# What you should do
Keep the wording of each record exactly the same when you repeat it, and leave out pictures.
[[ Available data open ]]
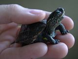 i na końcu żółwiki... pierwszy to ostrogrzbiet którego dostaliśmy przypadkiem. Był w tragicznym stanie - skrajne odwapnienie i obecność większych kolegów w akwarium zaowocowały brakiem praktycznie całego tyłu karapaksu. ciekawa jestem czy to odrośnie... teraz wygląda już o wieeele lepiej niż wcześniej.
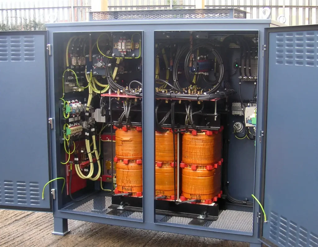 Customer: Balfour Beatty Mott MacDonald / Electrokinetic. 1 off 110kW Transformer & 12 Pulse Rectifier, complete with variable voltage output with automatic voltage tap changing via a built in HMI unit & PLC with remote status reporting all built into a 8×109 shipping container for multisite use.
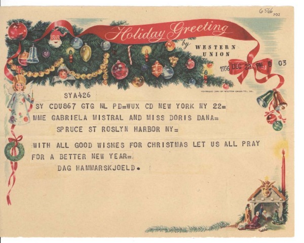 [Telegrama] 1956 Dec. 22, New York, [EE.UU.] [a] Gabriela Mistral and Miss Doris Dana, Spruce St, Roslyn Harbor, NY, [EE.UU.] [manuscrito] Dag Hammarskjoeld [i.e. Hammarskjöld].
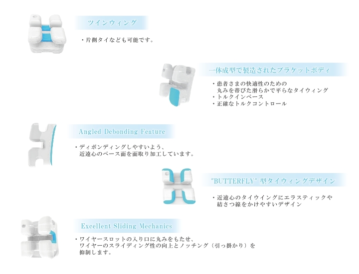 高度なインジェクションモールド技術で製造されており、高いブラケット強度と、歯の色を反映させて「調和」する美しさを持つブラケットです。
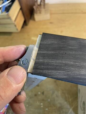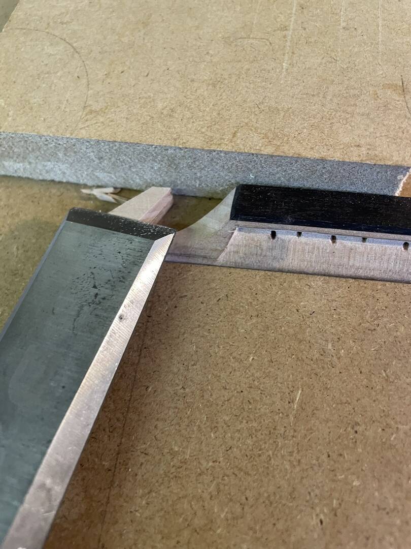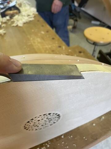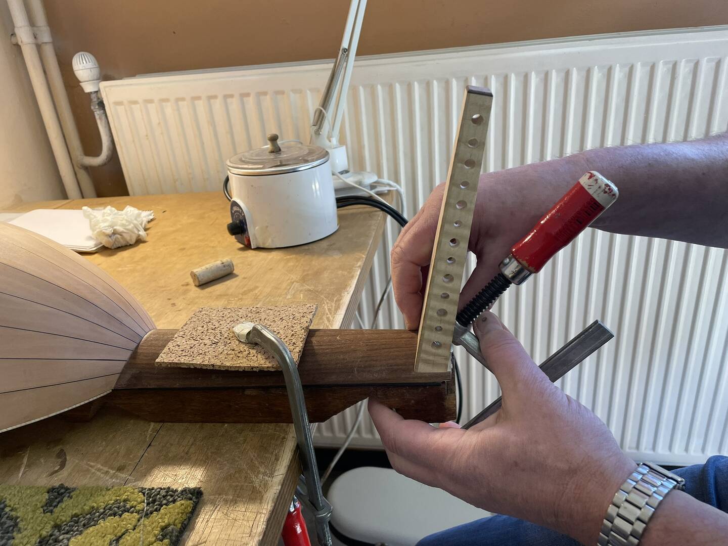 I now check if the neck and heelblock have a good and tight connection. I test this with a very fine feeler gauge and remove material from the neck end with a scraper, until I cannot slide the feeler gauge between the neck and the heelblock.
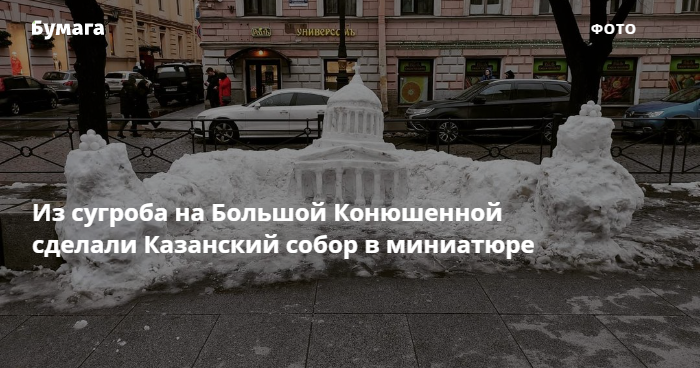 Из сугроба на Большой Конюшенной сделали Казанский собор в миниатюре 🏰
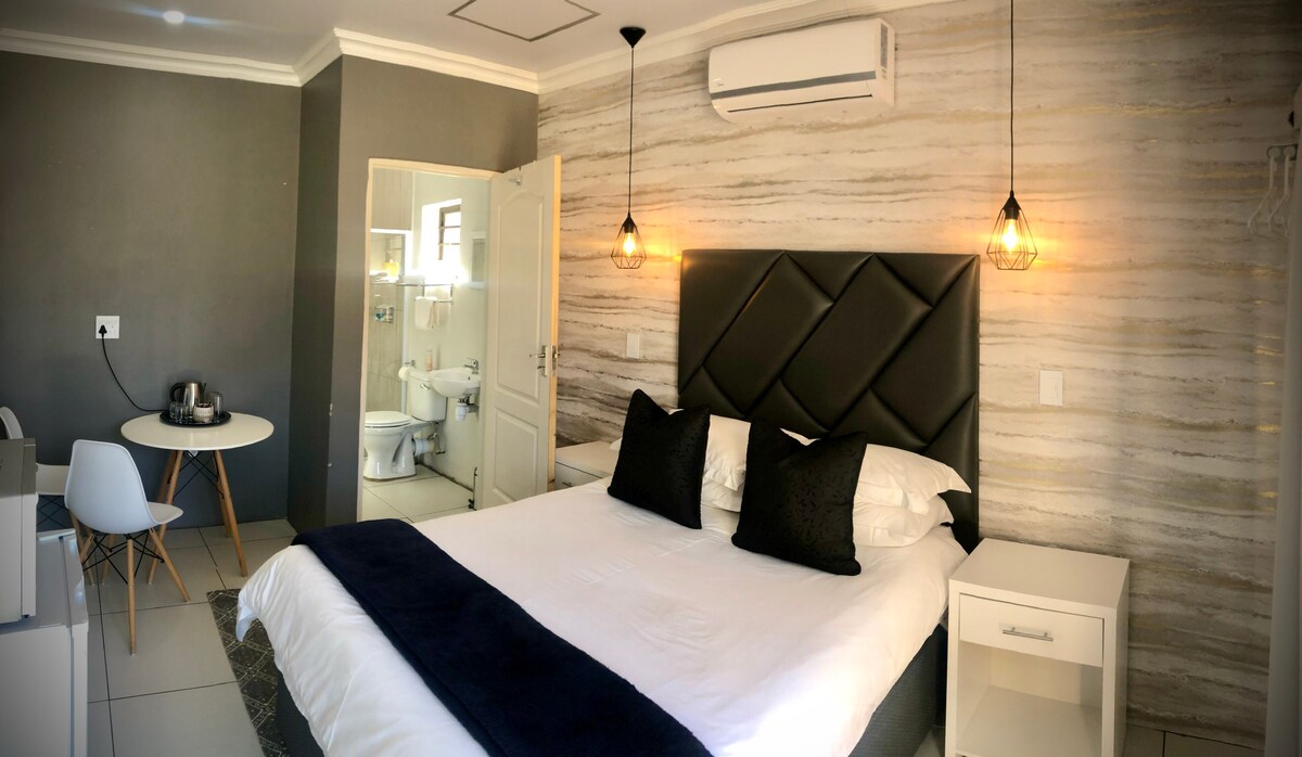 Modern & spacious guest house units situated in the heart of the Goldfields. Garden suite has an open plan kitchen/living room with, wifi, bathroom with shower and secure parking, perfect stopover on route from Cape Town or Johannesburg.
[[ Available data closed ]]
# Answer
 i na końcu żółwiki... pierwszy to ostrogrzbiet którego dostaliśmy przypadkiem. Był w tragicznym stanie - skrajne odwapnienie i obecność większych kolegów w akwarium zaowocowały brakiem praktycznie całego tyłu karapaksu. ciekawa jestem czy to odrośnie... teraz wygląda już o wieeele lepiej niż wcześniej.
 Customer: Balfour Beatty Mott MacDonald / Electrokinetic. 1 off 110kW Transformer & 12 Pulse Rectifier, complete with variable voltage output with automatic voltage tap changing via a built in HMI unit & PLC with remote status reporting all built into a 8×109 shipping container for multisite use.
 [Telegrama] 1956 Dec. 22, New York, [EE.UU.] [a] Gabriela Mistral and Miss Doris Dana, Spruce St, Roslyn Harbor, NY, [EE.UU.] [manuscrito] Dag Hammarskjoeld [i.e. Hammarskjöld].
 高度なインジェクションモールド技術で製造されており、高いブラケット強度と、歯の色を反映させて「調和」する美しさを持つブラケットです。
 I now check if the neck and heelblock have a good and tight connection. I test this with a very fine feeler gauge and remove material from the neck end with a scraper, until I cannot slide the feeler gauge between the neck and the heelblock.
 Из сугроба на Большой Конюшенной сделали Казанский собор в миниатюре 🏰
 Modern & spacious guest house units situated in the heart of the Goldfields. Garden suite has an open plan kitchen/living room with, wifi, bathroom with shower and secure parking, perfect stopover on route from Cape Town or Johannesburg.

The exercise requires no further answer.